Auto assembly plants have long been pointed to as anchors for regional economies as they create numerous spinoff jobs for each worker in the plant, whether from parts suppliers or the restaurant down the street. Battery plants won't create as many because there are fewer parts involved, but still offer a conservative two-to-one ratio, said Volpe. 

Securing VW's first plant outside of Europe at the St. Thomas, Ont. site also leaves room for more potential investment from the automaker, as Volpe notes that the land base the company has secured is five times bigger than the footprint in Windsor, Ont., where Stellantis and LG are building their battery plant. 

If it were to be filled out, the potential is massive, said Volpe.

"This site, at full build, will be the biggest automotive industrial site in Canadian history."

The auto industry, however, and the economy in general is already humming, and Canada has numerous wins on electric vehicles already that secure an electric vehicle manufacturing base.
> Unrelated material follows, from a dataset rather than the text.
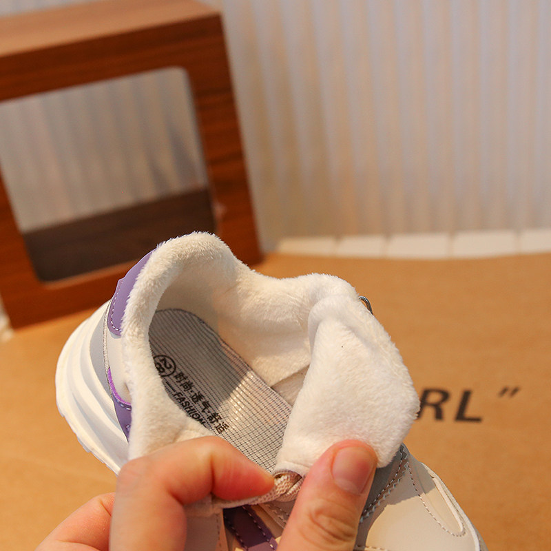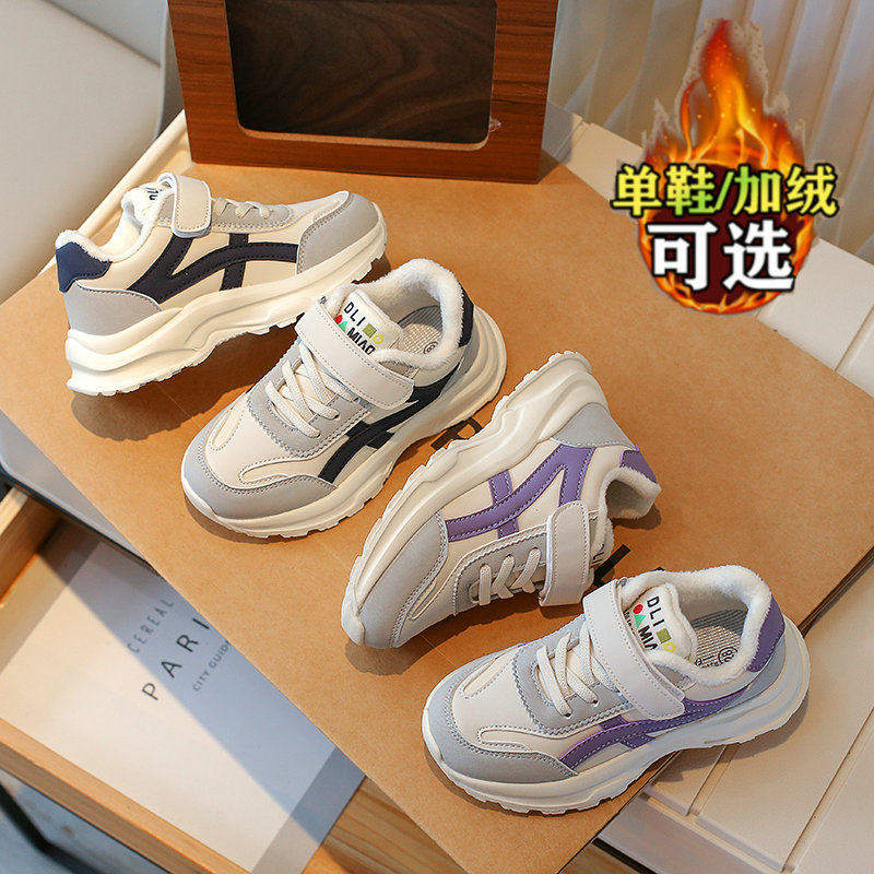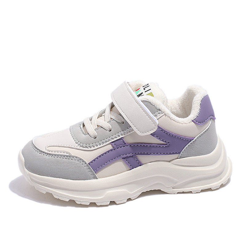 无鞋带运动鞋女秋冬初中学生大童女鞋加绒二棉女童轻便软底跑步鞋

The situation means it doesn't seem to make much sense to spend so richly to establish the Volkswagen plant, said Rob Gillezeau at the University of Toronto's Rotman School of Management.

"We're basically at full employment," said Gillezeau, assistant professor of economic analysis and policy. "It's basically going to take workers who already have jobs in one area, right and reallocate them to working at the plant."
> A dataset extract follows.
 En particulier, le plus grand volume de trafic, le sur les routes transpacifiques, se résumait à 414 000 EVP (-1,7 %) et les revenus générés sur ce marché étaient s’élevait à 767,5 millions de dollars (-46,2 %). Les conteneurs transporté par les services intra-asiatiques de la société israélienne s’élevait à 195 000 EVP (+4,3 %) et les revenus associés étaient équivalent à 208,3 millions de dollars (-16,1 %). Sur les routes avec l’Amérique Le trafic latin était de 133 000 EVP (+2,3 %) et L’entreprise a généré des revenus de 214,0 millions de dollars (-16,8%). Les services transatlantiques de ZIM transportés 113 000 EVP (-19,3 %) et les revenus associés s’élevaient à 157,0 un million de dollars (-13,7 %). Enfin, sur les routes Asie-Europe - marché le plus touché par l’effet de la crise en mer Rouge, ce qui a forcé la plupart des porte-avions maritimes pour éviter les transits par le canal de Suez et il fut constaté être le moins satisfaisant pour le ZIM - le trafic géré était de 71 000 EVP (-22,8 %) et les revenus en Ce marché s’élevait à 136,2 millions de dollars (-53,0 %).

He raised doubts about the economic models justifying the plant and the supposed payback on the investment in a few years, and noted that Canada is already shifting more to a service economy so it doesn't make sense to throw this much money at manufacturing jobs.

"I don't think there's an inherent advantage there. I think really, the only good rationale for government subsidization here would be if we think there's some kind of national security risk."

Whether the plant is necessary or not, Canada did need to step up on subsidies to secure it, said Greig Mordue, chair in advanced manufacturing policy at McMaster University. 

He said the clean energy, labour talent pool and proximity to critical minerals that Industry Minister François-Philippe Champagne has touted as key differentiators don't actually hold that much sway compared with what competing locations like the U.S. offer.

"You strip away those three items that the minister has talked about as most appealing, you start to discount them you start to say, 'Well, what was it? Well, it must have been the incentive.'"

He predicted a subsidy number north of $10 billion, similar to what has come forward, just because it follows the especially generous subsidies the U.S. has promised.

"You're applying logic to an illogical situation, and this is what we're looking at," said Mordue. "It's a little breathtaking, but that's what it is."